TASK OBJECTIVE: Your answer must be an exact retyping of the line containing "This duo of" and every line after it through the end of the records below, with no pictures and nothing else.

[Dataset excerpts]

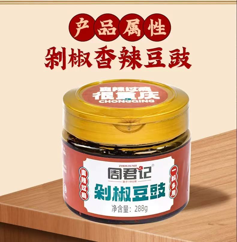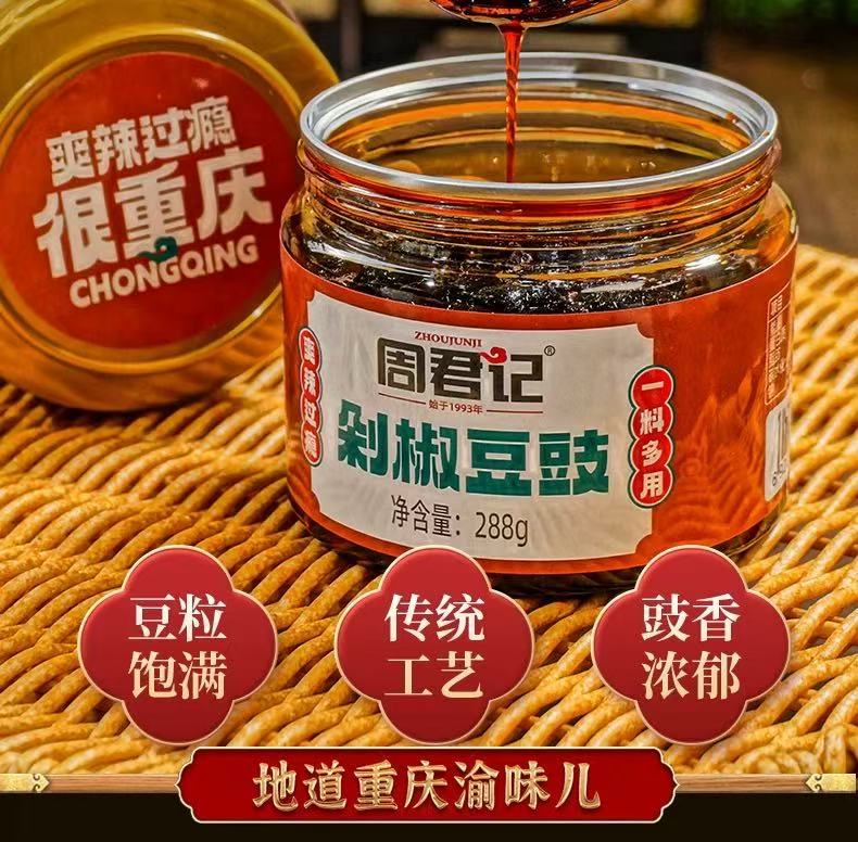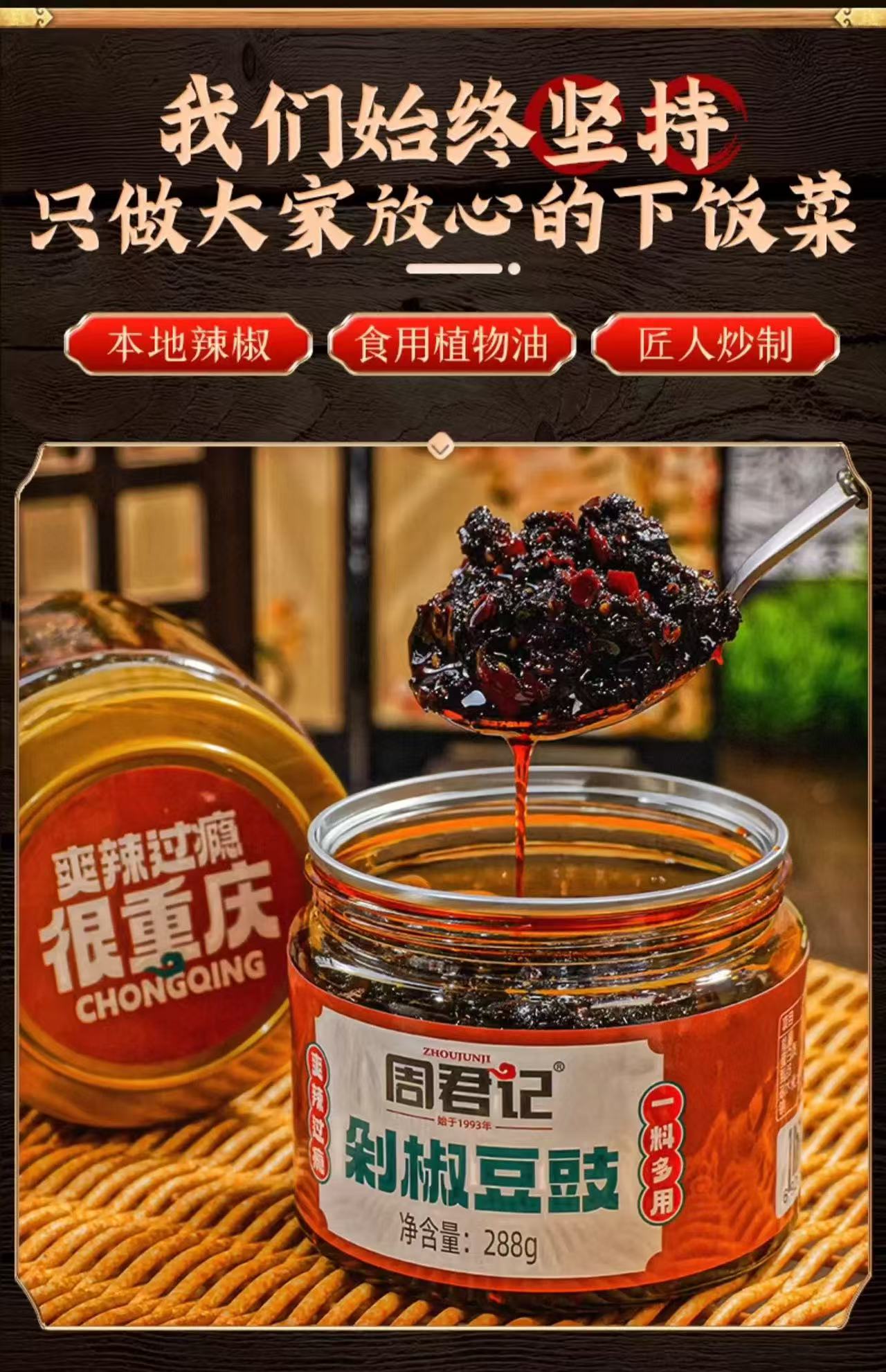 【周君记】香辣剁椒豆豉288g下饭菜瓶装辣椒拌饭拌面酱
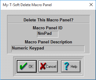 Use with extreme caution. Once the panel is deleted, it cannot be recovered! Press the OK Button to Delete the Selected Macro Panel. If you do not want to delete your panel, press the CANCEL button. |
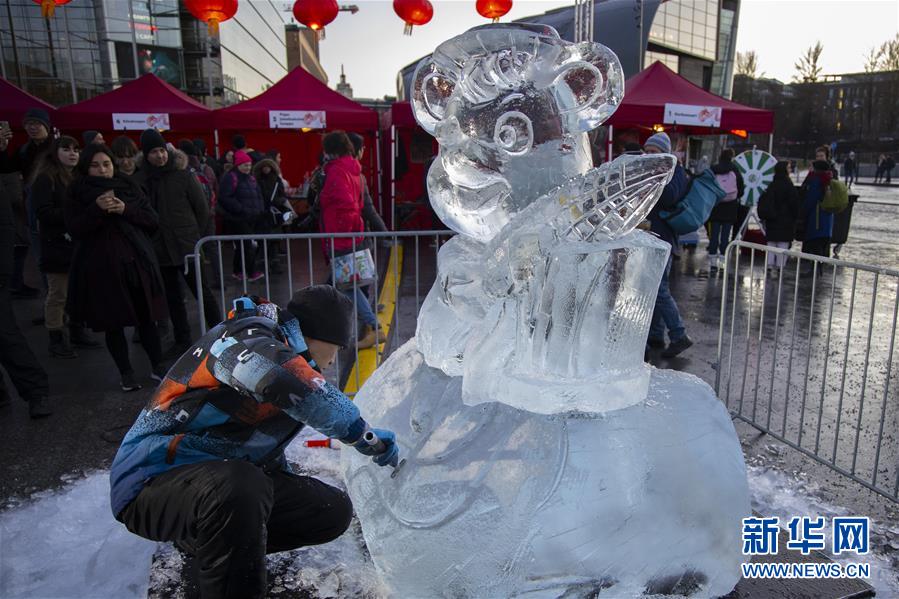 1月24日,在芬兰赫尔辛基公民广场上,工作人员在现场加工中国鼠年“鼠”元素冰雕作品。 1月24日是中国农历大年三十,大量赫尔辛基市民及游客来到市中心的公民广场,在“欢乐春节·赫尔辛基庙会”上体验中国年味儿,欣赏来自中国北京市及当地的文艺团体带来的精彩演出。“欢乐春节·赫尔辛基庙会”已连续举办了十四届,成为当地知名节庆活动。 新华社发(马蒂·马蒂凯宁摄)
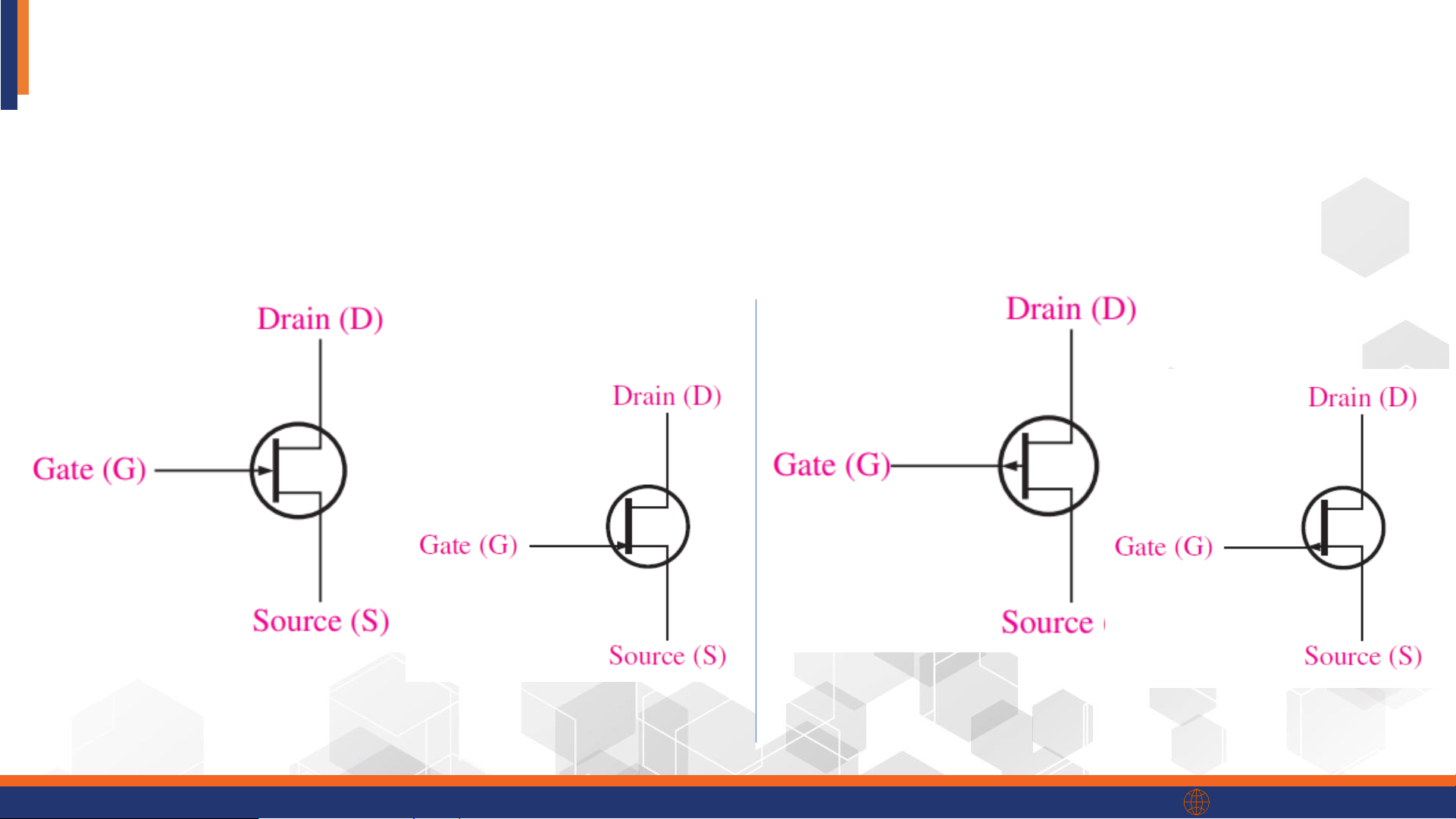 • Direction of the arrow indicates the PN junctions: From P → to N n-channel JFET p-channel JFET phenikaa-uni.edu.vn IV.1. The JFET
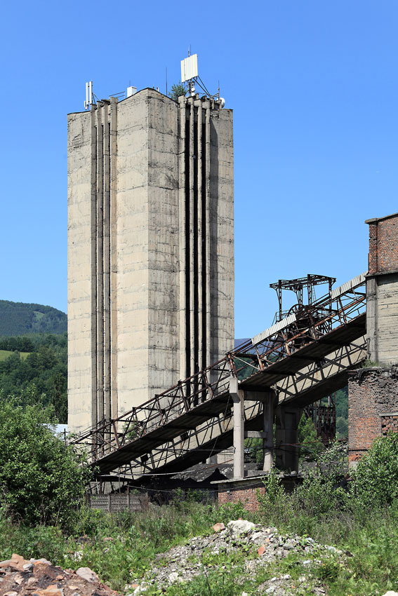 10/06/2014 | Mina Uricani : tour d'extraction du puits ??? (extraction par skips) et convoyeurs vers les trémies de stockage / Uricani
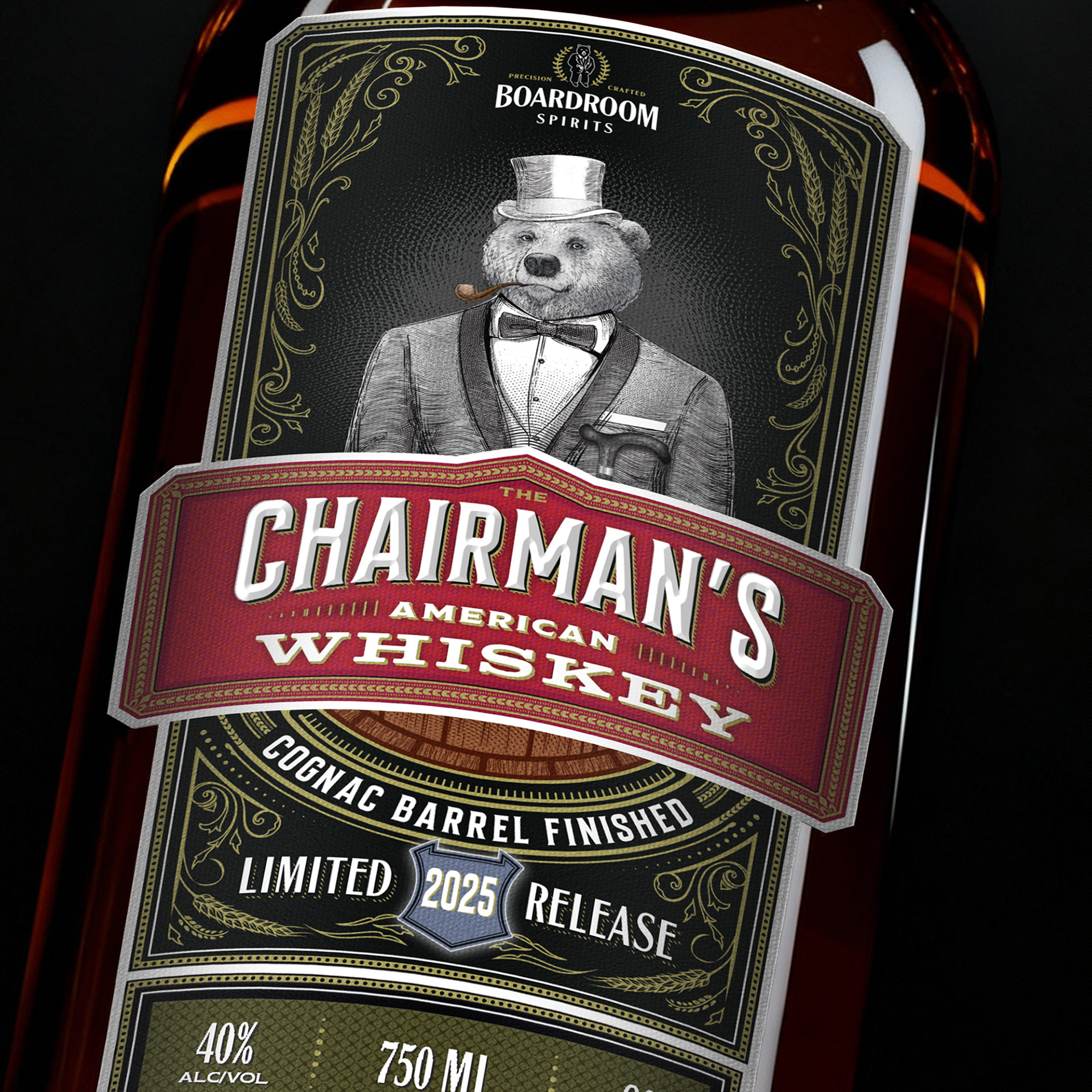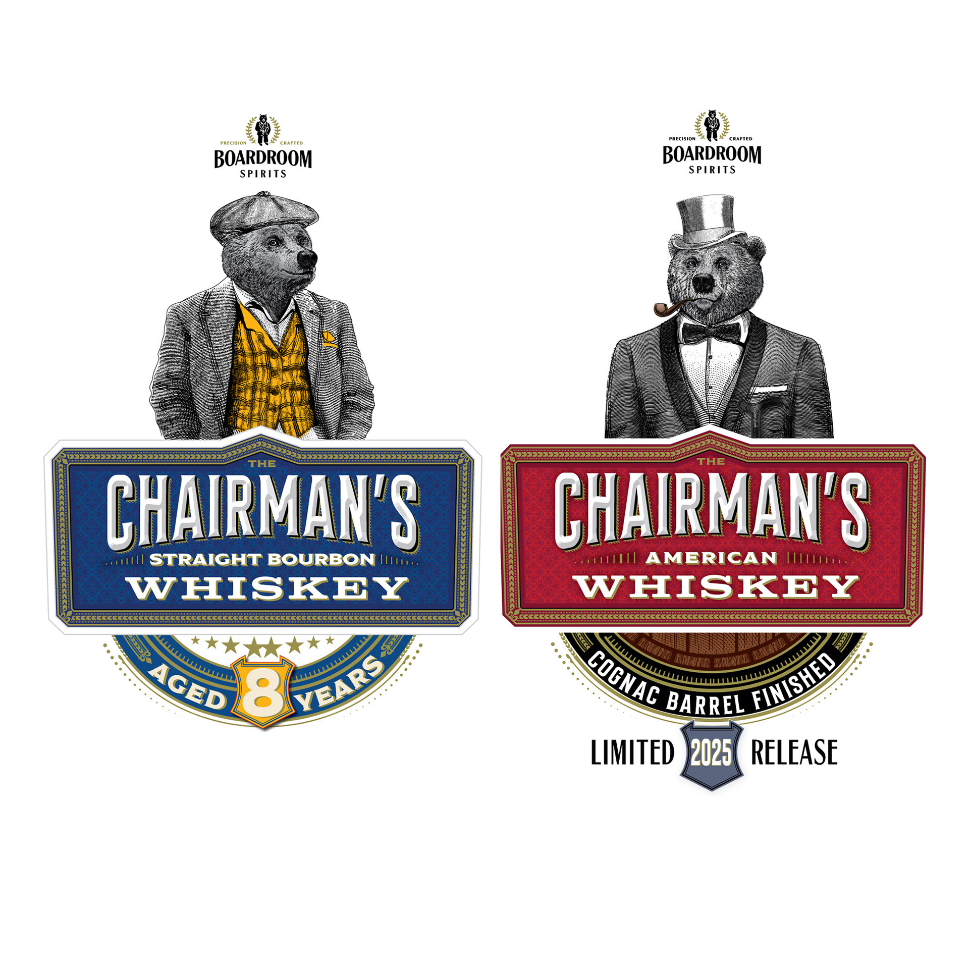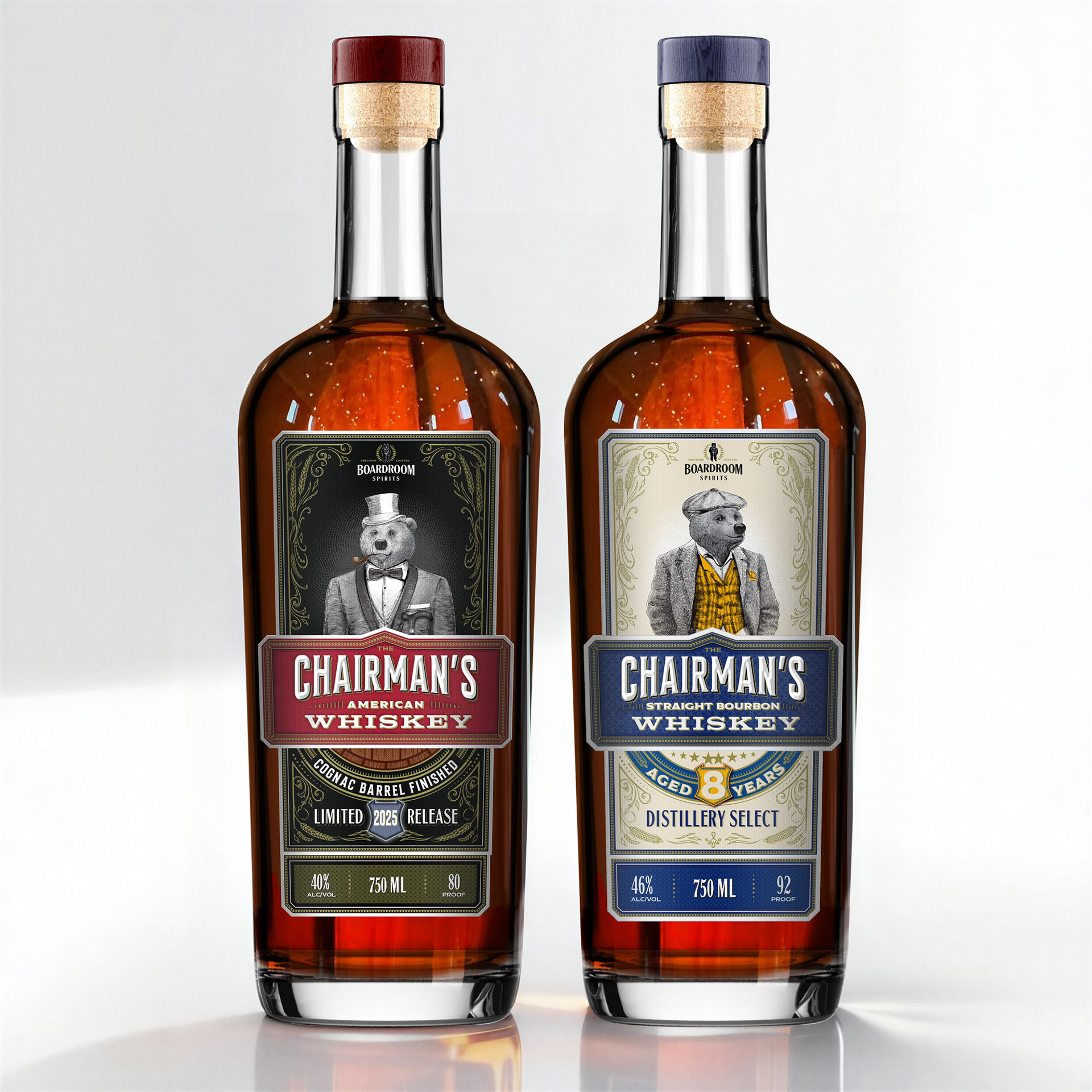This duo of labels showcases a sophisticated, character-driven visual identity for Chairman’s Whiskey and Chairman's Bourbon, each styled to reflect the personality of the spirit. For the Straight Bourbon, a sociable and approachable drink, the Chairman appears in stylish yet casual attire, setting a warm and friendly tone. For the American Whiskey Limited Edition, the same character is elevated with a tuxedo and top hat, signaling a more prestigious, refined release.
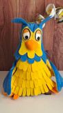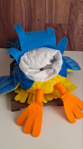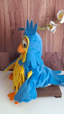 این خروس بامزه با ترکیب رنگ شادِ آبی و زرد، حس شادی و سرزندگی را بهخوبی منتقل میکند. طراحی لایهلایهی پرها از جنس نمد یا پارچهی نرم، به آن حالتی فانتزی و دوستداشتنی داده و چشمهای درشتش، کنجکاوی و شیطنت کودکانهای را نشان میدهد.

TASK SOLUTION:
This duo of labels showcases a sophisticated, character-driven visual identity for Chairman’s Whiskey and Chairman's Bourbon, each styled to reflect the personality of the spirit. For the Straight Bourbon, a sociable and approachable drink, the Chairman appears in stylish yet casual attire, setting a warm and friendly tone. For the American Whiskey Limited Edition, the same character is elevated with a tuxedo and top hat, signaling a more prestigious, refined release.
 این خروس بامزه با ترکیب رنگ شادِ آبی و زرد، حس شادی و سرزندگی را بهخوبی منتقل میکند. طراحی لایهلایهی پرها از جنس نمد یا پارچهی نرم، به آن حالتی فانتزی و دوستداشتنی داده و چشمهای درشتش، کنجکاوی و شیطنت کودکانهای را نشان میدهد.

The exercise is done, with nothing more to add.